Begin your copy at the line with "トウガラシペースト、酢、しょ" in the records below and end it at the line with "Silkeron Creme của", restating each line word for word; omit the pictures.

(Records for the task)
· · · · ·

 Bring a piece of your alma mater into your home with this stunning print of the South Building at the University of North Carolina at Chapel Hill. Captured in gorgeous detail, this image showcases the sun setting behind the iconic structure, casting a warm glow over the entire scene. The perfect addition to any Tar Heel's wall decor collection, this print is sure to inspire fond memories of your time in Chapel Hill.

· · · · ·

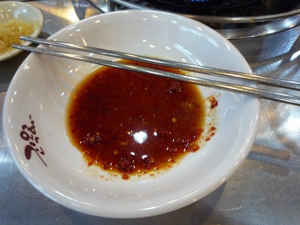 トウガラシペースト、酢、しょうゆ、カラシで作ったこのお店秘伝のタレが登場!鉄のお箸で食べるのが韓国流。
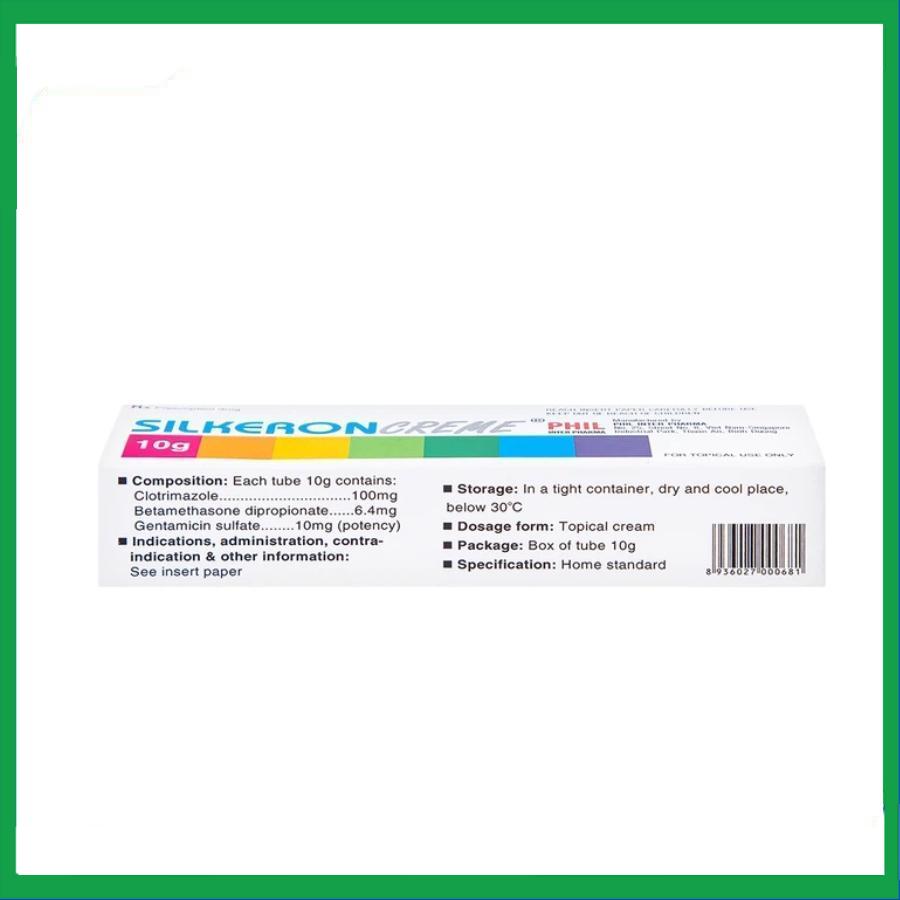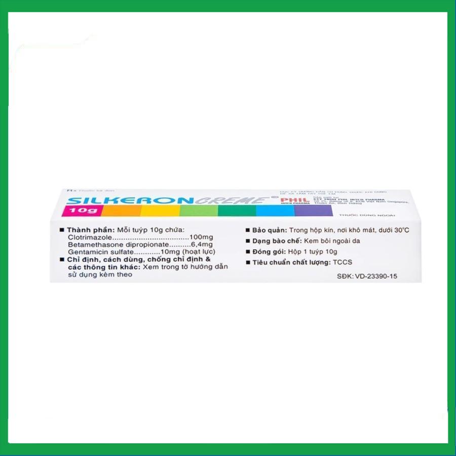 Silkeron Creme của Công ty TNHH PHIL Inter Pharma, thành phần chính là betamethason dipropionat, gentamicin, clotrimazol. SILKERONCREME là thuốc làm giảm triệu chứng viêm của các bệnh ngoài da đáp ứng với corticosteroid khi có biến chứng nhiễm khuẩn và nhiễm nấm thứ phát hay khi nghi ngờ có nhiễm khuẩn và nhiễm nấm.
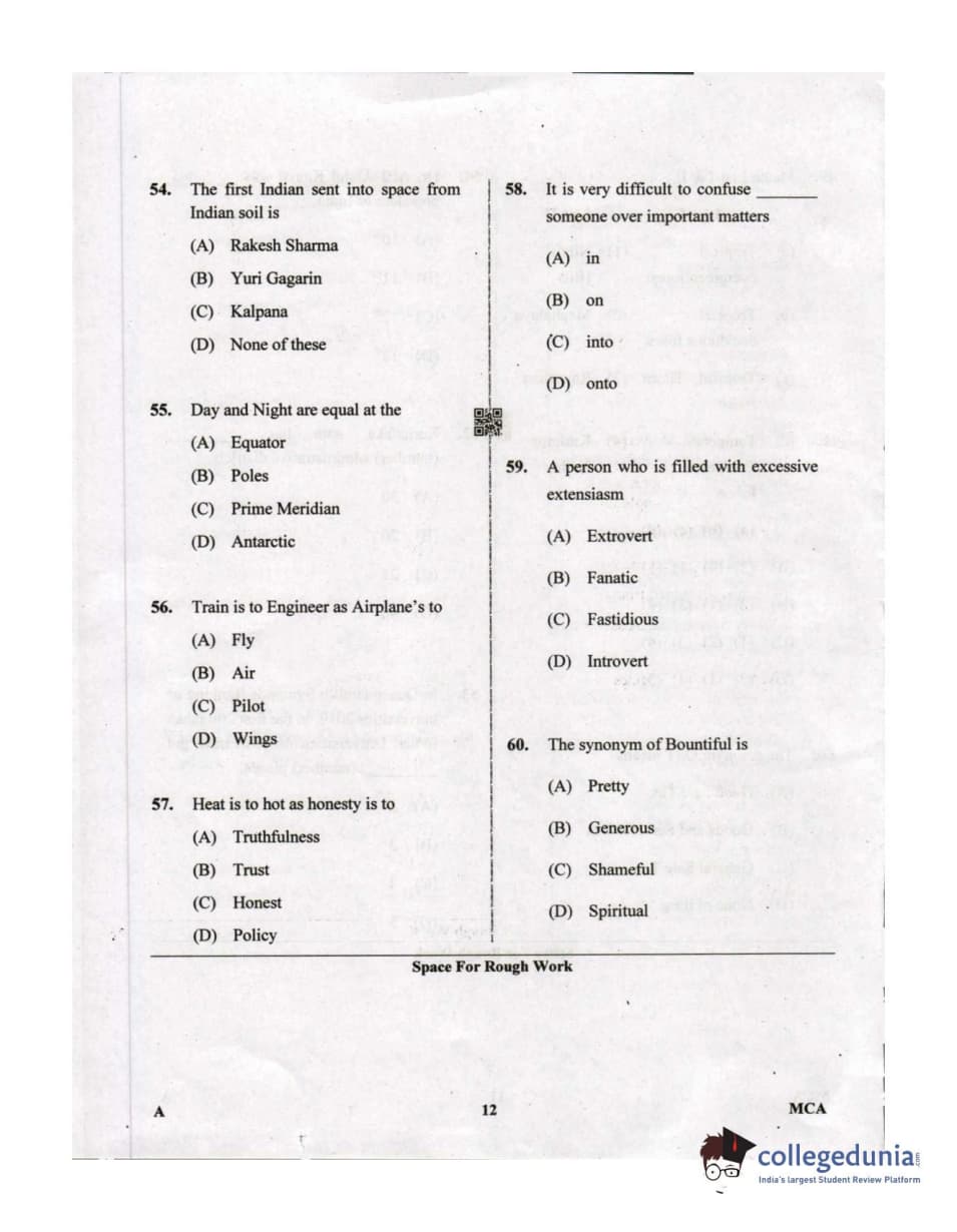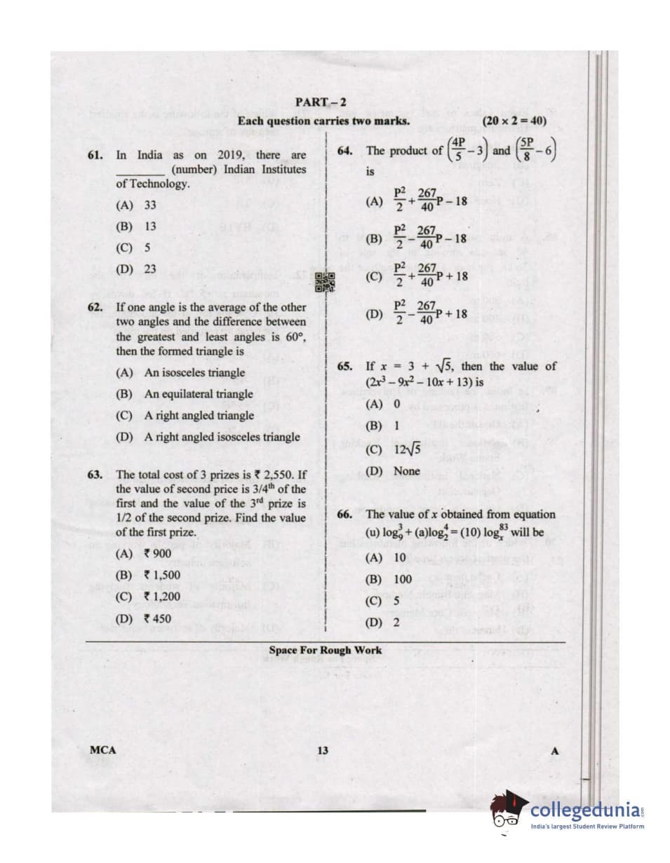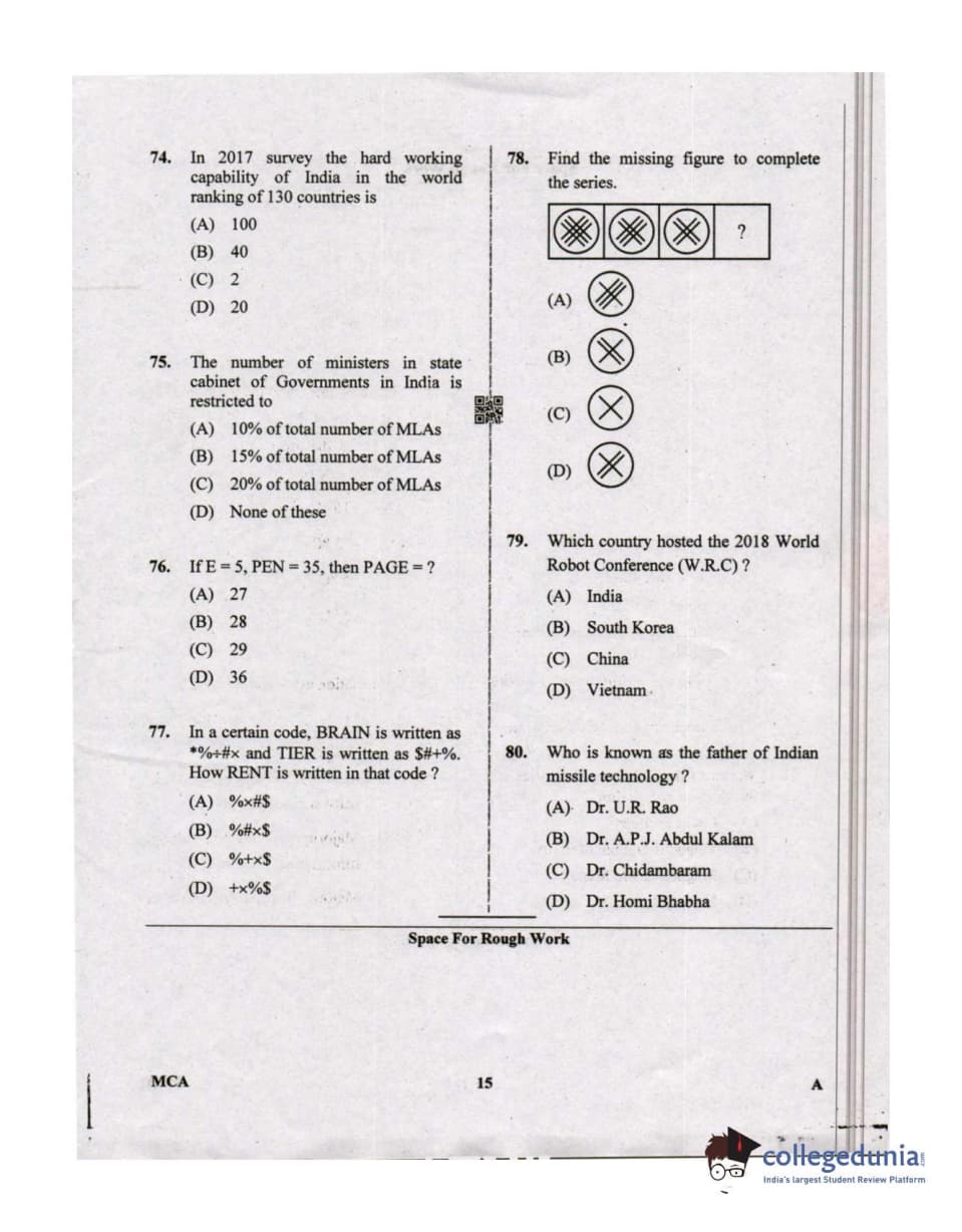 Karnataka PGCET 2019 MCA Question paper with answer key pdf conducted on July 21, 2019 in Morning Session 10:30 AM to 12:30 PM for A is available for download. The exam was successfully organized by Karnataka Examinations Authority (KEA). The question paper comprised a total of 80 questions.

· · · · ·

(Solution to this task)
 トウガラシペースト、酢、しょうゆ、カラシで作ったこのお店秘伝のタレが登場!鉄のお箸で食べるのが韓国流。
 Silkeron Creme của Công ty TNHH PHIL Inter Pharma, thành phần chính là betamethason dipropionat, gentamicin, clotrimazol. SILKERONCREME là thuốc làm giảm triệu chứng viêm của các bệnh ngoài da đáp ứng với corticosteroid khi có biến chứng nhiễm khuẩn và nhiễm nấm thứ phát hay khi nghi ngờ có nhiễm khuẩn và nhiễm nấm.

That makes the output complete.